Mystery Girl in Calif gets second funeral, 145 years after she was first buried-

More than 100 people traveled to a California cemetery Saturday morning to grieve the mystery girl with the golden hair, a child laid to rest with no nome, no family and no story.

Mourners tossed flowers on her grave. Someone sang "Over the Rainbow.". Strangers wept.

The girl's gravestone read: "The child loved around the world."

Mourners from across the state arrived over the weekend not with tales to share or answers to give, but with a sense of common purpose. They hoped, in some small way, that their presence might fill the empty space where her real family - her real parents- should have been but weren't. Like her, they'd probably been dead for more than a century.
This was the unknown girl's second funeral.

The mystery surrounding the golden haired girl, and the efforts to bury her once again, began a month ago, when a construction crew renovating a garage in a San Francisco neighborhood sliced their shovels into the ground and struck something unnatural - a tiny, lead and bronze coffin. Inside they found the meticulously preserved body of a small girl with curly blond hair.

She wore signs of wealth: a hand-sewn, pleated white cotton dress with delicate lace trimmings on her petite frame; lavender tucked in her hair and laid upon her chest in the shape of a cross; eucalyptus leaves placed by her side. And there were rose petals, dozens of them, probably scattered by the lost people who loved her decades ago. Unsure how to proceed, the crew called the homeowner, who was staying out of state with her husband and children.

The homeowner knew the history of the area, known as San Francisco's Richmond District, was home to a number of cemeteries in the late 1800's. One graveyard, the Odd Fellows Cemetery, existed below the homeowners home. The cemetery closed in the late 1800's and the bodies were moved to graves in Colma. But some, like the golden-haired mystery girl, were missed.

A public administrator connected the homeowner with a nonprofit organization called Garden of Innocence, who are dedicated to holding funeral services for abandoned or unidentified children. The services are organized by volunteers and paid for by donations.
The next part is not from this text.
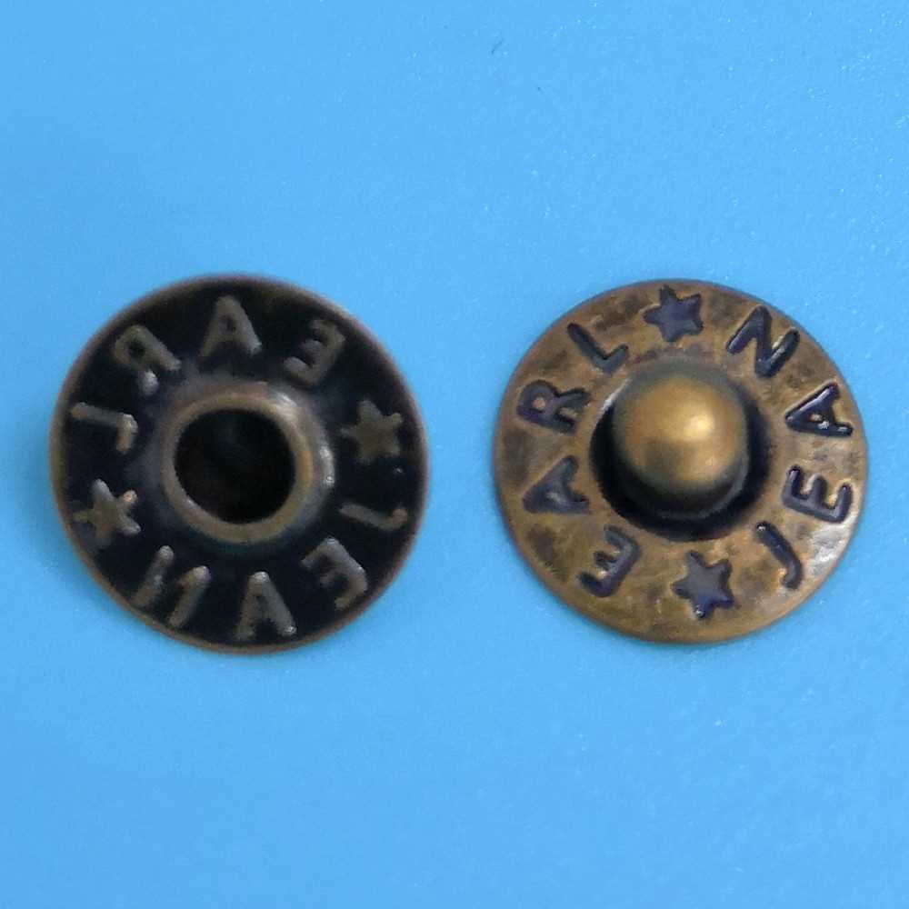 Rivets buttons style The size of Rivets buttons is 8mm, button style is suitable for Niu Zi trousers.This button can customize the logo, color and size to make your clothes more personalized.

The founder of Garden of Innocence estimated her age at about 3, and that she died about 145 years ago. A professor from the University of California at Davis collected strands of hair in hopes to some day track down the child's ancestry and family.

Since the child's name was unknown, the name of Miranda Eve was given to her by the homeowners and the public administrator. The back of the gravestone was left blank in case they are able to mark it one day with her real name.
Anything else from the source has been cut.